Test Results (without the Fix)

U+03FF:
=======
UTF-8 normal   (2-byte): U+03FF
UTF-8 overlong (3-byte): U+FFFD
UTF-8 overlong (4-byte): U+FFFD

U+0400:
=======
UTF-8 normal   (2-byte): U+0400
UTF-8 overlong (3-byte): U+0400 (?)
UTF-8 overlong (4-byte): U+FFFD

U+07FF:
=======
UTF-8 normal   (2-byte): U+07FF
UTF-8 overlong (3-byte): U+07FF (?)
UTF-8 overlong (4-byte): U+FFFD

U+0800:
=======
UTF-8 normal   (3-byte): U+0800
UTF-8 overlong (4-byte): U+FFFD

Test Results (with the Fix)

U+03FF:
=======
UTF-8 normal   (2-byte): U+03FF
UTF-8 overlong (3-byte): U+FFFD
UTF-8 overlong (4-byte): U+FFFD

U+0400:
=======
UTF-8 normal   (2-byte): U+0400
UTF-8 overlong (3-byte): U+FFFD (!)
UTF-8 overlong (4-byte): U+FFFD

U+07FF:
=======
UTF-8 normal   (2-byte): U+07FF
UTF-8 overlong (3-byte): U+FFFD (!)
UTF-8 overlong (4-byte): U+FFFD

U+0800:
=======
UTF-8 normal   (3-byte): U+0800
UTF-8 overlong (4-byte): U+FFFD

(2) By Florian Balmer (florian.balmer) on 2019-12-20 13:38:32 in reply to 1 [link] [source]

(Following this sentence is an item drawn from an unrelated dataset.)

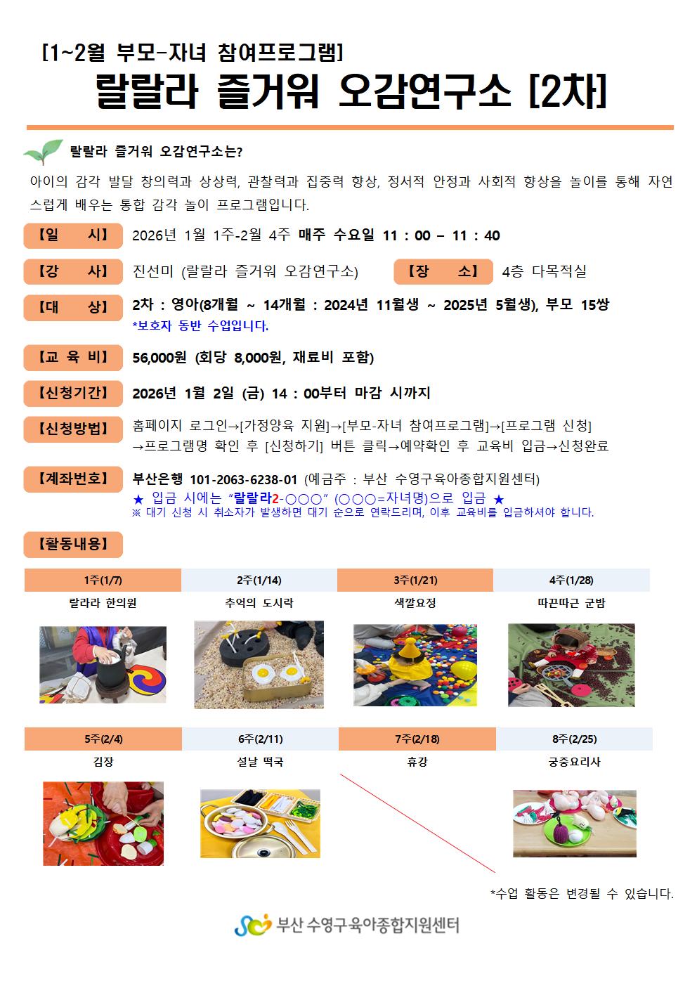 | ÇÁ·Î±×·¥ ÀϽà | 2026-01-07(¼ö) 11½Ã00ºÐ ~ 2026-02-25(¼ö) 11½Ã40ºÐ ¸ÅÁÖ ¼ö¿äÀÏ, ÃÑ 7ÁÖ | ||

I'm sorry copy-pasting from the code editor to the markdown editor went out of sync. The ReInput::mx member should be initialized with a length of 35, not 32.

This doesn't affect the relevant test results, but additional of my experiments with the re_next_char() function and overlong UTF-8 sequences.